Save mnofresno/25d0cc6a45aa8644596705c78382304e to your computer and use it in GitHub Desktop.
This script allows to do on Linux desktop PC some simple ocr tasks that we currently can do on Android using Google lens

Google Lens For Ubuntu

For those who use Google Lens on Android as an OCR to capture text from images, screenshots, etc.. here is a bash script that does the same on Ubuntu.

Sometimes we need to copy a telephone number in an APP where there isn't a copy to clipboard feature enabled or maybe to copy texts from an picture.
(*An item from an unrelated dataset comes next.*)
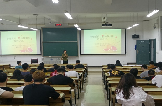 张利芝老师在培训会上列举了大学生常见的几种心理问题与心理疾病,阐述了大学生的心理健康应当受到重视,强调了心理委员、寝室联络员在班级心理工作的重要性。张利芝要求心理委员和寝室联络员作为班级学生和老师之间的“纽带”,应当及时地反映班级学生们的心理健康状况。

This can be done with a OCR, this script does that allowing to drag&drop select a region of the screen and copy to clipboard the text parsed from the image.

#!/bin/bash 
# Dependencies: tesseract-ocr imagemagick scrot xsel

tesseract_lang=eng
# quick language menu, add more if you need other languages.

SCR_IMG=`mktemp`
trap "rm $SCR_IMG*" EXIT

scrot -s $SCR_IMG.png -q 100
# increase image quality with option -q from default 75 to 100

mogrify -modulate 100,0 -resize 400% $SCR_IMG.png
#should increase detection rate

tesseract $SCR_IMG.png $SCR_IMG &> /dev/null
cat $SCR_IMG.txt | xsel -bi

exit

Usage

If you save the script in /usr/bin/lens, the usage will be like this:

  1. ALT+F2, type 'lens' and hit ENTER
  2. Select the region you want to capture with the mouse
  3. Paste the clipboard-copied text with the OCR'ed data
@pritomshad
Copy link

man you are a lifesaver

@Devbrat-Dev
Copy link

I updated the script to support Sway, KDE, and GNOME by dynamically selecting the appropriate screenshot tool based on the current Window Manager or Desktop Environment in use. As of 2024-07-01, KDE does not support wlr-screencopy-unstable-v1.

#!/bin/bash

# Dependencies: tesseract-ocr, imagemagick, (grim, slurp[Sway]), spectacle[KDE], gnome-screenshot[GNOME], wl-clipboard, libnotify-bin

# Add more if you need other languages. Example: eng+ita
tesseract_lang=eng

SCR_IMG=$(mktemp)

notify() {
    notify-send "OCR Script" "$1"
}

take_screenshot() {
    case "$XDG_CURRENT_DESKTOP" in
        KDE)
            spectacle --region --background --nonotify --output "$SCR_IMG"
            ;;
        GNOME)
            gnome-screenshot -a -f "$SCR_IMG"
            ;;
        *)
            grim -g "$(slurp)" "$SCR_IMG"
            ;;
    esac
}

trap 'rm -f "$SCR_IMG"*' EXIT

take_screenshot

notify "Processing image for text extraction..."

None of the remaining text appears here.